Resto incantata di fronte alla profondità di questi stupendi versi che rapiscono l'attenzione per la loro intensità. Nella chiusa una domanda implicita che racchiude già di per sé un senso di infinito bisogno di cogliere l'essenza della nostra esistenza. Molto apprezzata.
Un senso di infinito, mistero in questa lirica... un vedere senza guardare, un osservare senza percepire... Versi profondi... infondono pensieri del mistero... ...ben descritti...

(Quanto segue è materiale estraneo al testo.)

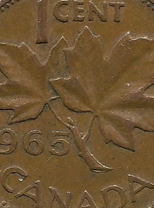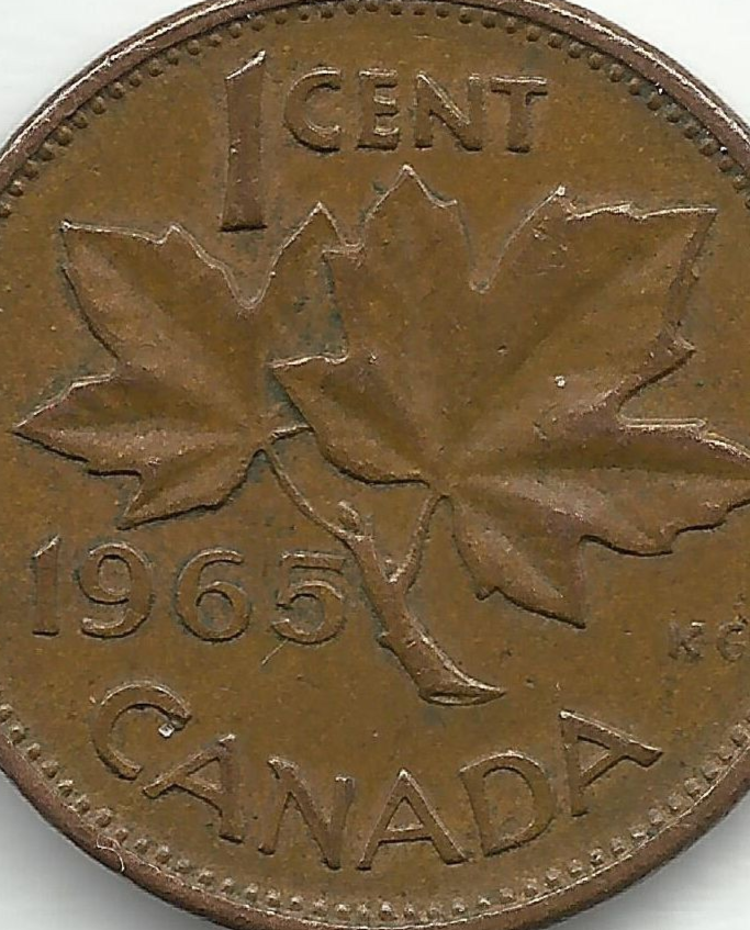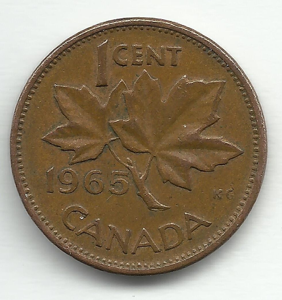 1965 Canada 1 Cent Penny coin Canadian Queen Elizabeth Maple Leaf

E' onirico abbraccio con l'infinita natura, questa lirica stupenda, una preghiera di consacrazione innalzata al cielo con semplicità di versi, ma pregna di un profondo poetare, tanto da essere un dolce drenaggio per anime assorte, che godono estasiate nell'amalgamarsi col suggestivo infinito mistero. Complimenti all'autrice per questi magnifici versi, carichi d'enfasi poetica.
La lettura dei versi, attraverso immagini d'una quotidiana natura che non cessa mai di stupire per la sua bellezza, trasporta il lettore nei paesaggi dell'anima, nel punto in cui si incontrano nello sguardo dell'autrice.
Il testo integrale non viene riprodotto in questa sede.